Recorded data:
--- START ---

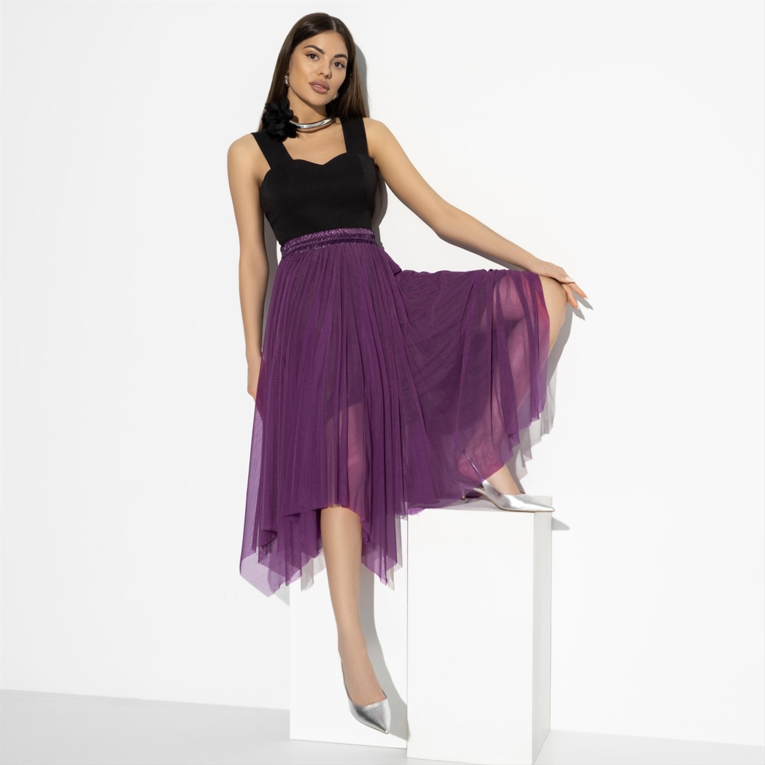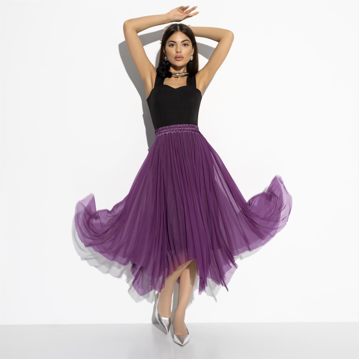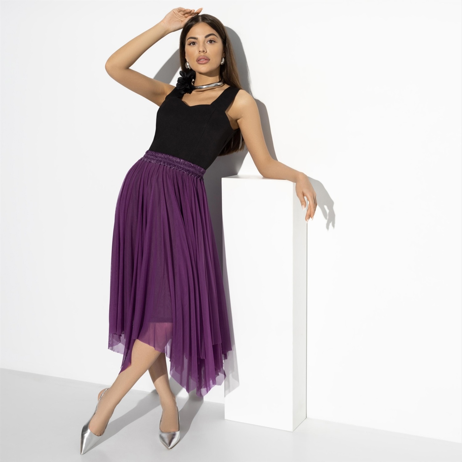 ТН ВЭД: 6104530000; Состав: «Сетка стрейч», трикотаж «вискоза», «сатин креш» (65% п/э, 30% вискоза, 5% спандекс); Плотность ткани: Тонкая; Тип ткани: Трикотаж; Вид застежки: Нет; Декоративные элементы: Драпировка; Карманы: Нет; Основной цвет ткани: Фиолетовый; Отрезная талия: Есть; Подклад: Есть; Резинка по талии: Есть; Рисунок/раппорт: Нет, все изделия идентичны; Сезон: Круглогодичный; Силуэт: Свободный; Стиль: Вечерний; Фасон юбки: Пачка
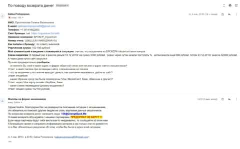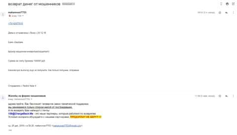 Письмо с жалобой пришло к нам на почту, где человек обвиняет дилинговую контору Ин Квантум в том, что они жулики и обманщики. Однажды ему позвонил звонарь из этой кухни и стлал вымогать 100 000 рублей для приумножения капитала клиента. Человек повелся на уговоры мошенников и перевел через банковскую карту всю оговоренную сумму. После перевода ни слуху, ни духу от сотрудников конторы, которые так яро до этого звонили. Теперь задача вернуть украденное и банковская выписка для наших партнеров по чарджбеку уже почти готова.
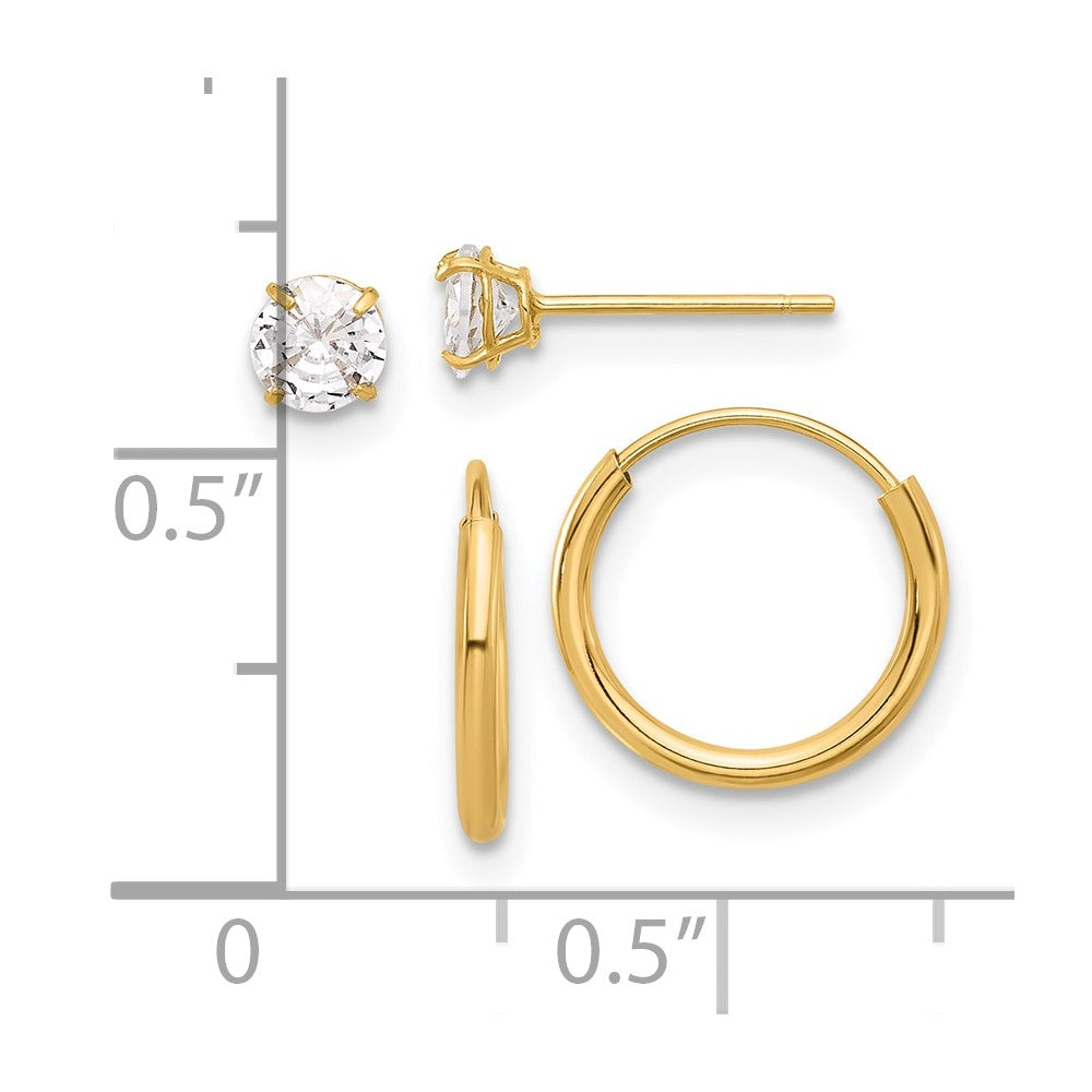 14K Polished CZ Studs and Small Endless Hoop Earring Set

--- END ---

Exercise objective:
Top to bottom, retype the listing exactly but drop every picture.

Solution:
 ТН ВЭД: 6104530000; Состав: «Сетка стрейч», трикотаж «вискоза», «сатин креш» (65% п/э, 30% вискоза, 5% спандекс); Плотность ткани: Тонкая; Тип ткани: Трикотаж; Вид застежки: Нет; Декоративные элементы: Драпировка; Карманы: Нет; Основной цвет ткани: Фиолетовый; Отрезная талия: Есть; Подклад: Есть; Резинка по талии: Есть; Рисунок/раппорт: Нет, все изделия идентичны; Сезон: Круглогодичный; Силуэт: Свободный; Стиль: Вечерний; Фасон юбки: Пачка
 Письмо с жалобой пришло к нам на почту, где человек обвиняет дилинговую контору Ин Квантум в том, что они жулики и обманщики. Однажды ему позвонил звонарь из этой кухни и стлал вымогать 100 000 рублей для приумножения капитала клиента. Человек повелся на уговоры мошенников и перевел через банковскую карту всю оговоренную сумму. После перевода ни слуху, ни духу от сотрудников конторы, которые так яро до этого звонили. Теперь задача вернуть украденное и банковская выписка для наших партнеров по чарджбеку уже почти готова.
 14K Polished CZ Studs and Small Endless Hoop Earring Set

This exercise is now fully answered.